Do not think anyone will find that a hospitable place. Only use our starfaring neighbors will have of it is to skim that thick atmosphere for mining purposes...from the safety of space and at high velocities with large Boussard collectors.

Apr 15, 2019
""And here we are—this would be our first one, and it's a milestone for TESS. It sets the path for finding smaller planets around even smaller stars, and those planets may potentially be habitable.""

This is all nice to discover, catalogue and dream that 'some day' humans might have the abilities to visit such places "out there". But spacefaring humans might only be limited to the planets and moons in the Solar System, due to many limitations that are physically and mentally restrictive.
The Earth gave rise to the human species/race and is most suited in every way for humans, animals and plants to thrive; so that it may be idealistic to expect the eventual conquering of exoplanets by humans, but expectations are often rebuffed by Reality.
And the Earth is what you know and love and couldn't get along without. It is home. Take good care of it and it will always feel good to come home.

Apr 15, 2019
Is this the planet a planet hunter found?
where one year equals 36 earth days
how long does this planet take to rotate
as that will be its day
suppose it rotates once every 36 earth days
can you imagine
being in the dark for 18 earth days
there are a lot more reasons why life has evolved on earth than simply temperature
if animals have to live alternately day and night
8 hours of dark for 16 hour of light works
try 6months of darkness where temperatures drop and nothing grows
our planet is what should be being sought in this galaxy
we know life evolves on our planet and not on mars type of planets

Apr 15, 2019
suppose it rotates once every 36 earth days
can you imagine
being in the dark for 18 earth days

No, if it has a year of 36 days, and its rotates once on its axis every 36 days, it will show the same face to its star permanently. It will be what is termed 'tidally locked'. Just as the Moon is with the Earth. If it didn't rotate at all one side would experience some prolonged darkness.

Apr 15, 2019
And there is no way this planet, or its companion, could be considered habitable. The larger one orbits at ~ 0.19 AU, and has an equilibrium temperature of ~ 420 K (~ 150 C). Its smaller companion is even hotter. And the larger planet has no solid surface.

Apr 15, 2019
Life on the Darkside

Tidally locked
Its host star
which has 80 percent of the mass of our Sun
orbiting in 36 days
even with its detected atmosphere
this planet orbiting 10x faster than earth
so as if
if nothing else it is warm
with plenty of solar storms and coronal mass ejections
massive thunderstorms in the thick atmosphere
it is starting to sound
A very active planet with extremes of temperature, to its dark side

Apr 15, 2019
^^^^Good thing I'm here to continually correct your misunderstandings, isn't it?

Apr 15, 2019
TESS on the Darkside

The whole point
was not simply planet hunting
that is easy
as there are billions of planets
it is earth like habitable planets we crave
A planet that makes our sunburn look like suncream

Apr 15, 2019
Planet Hunting on the Darkside

I was searching its daily spin
^^^^Good thing I'm here to continually correct your misunderstandings, isn't it?
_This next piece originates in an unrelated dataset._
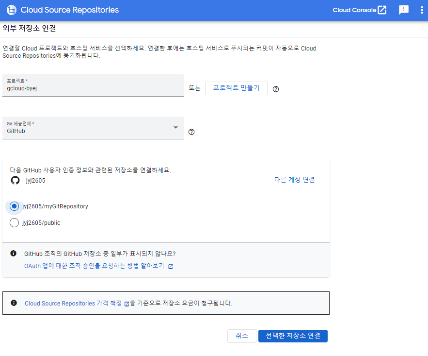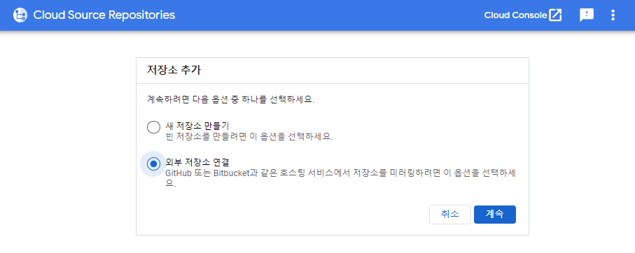 GItHub나 BitBucket Repository를 cloud source repository에 연결할 수 있으며, 연결된 repository는 자동으로 동기화된다.

and it 36 days was problematic
we can only hope this is not the best
That TESS is finding, because there are billions of planets exactly like these

Apr 15, 2019
^^^^^Granville, just give up, yes? This is essentially a proof of concept observation. It can detect these planets. That is all.

Apr 15, 2019
jonesy> ^^^^^Granville, just give up, yes? This is essentially a proof of concept observation. It can detect these planets. That is all.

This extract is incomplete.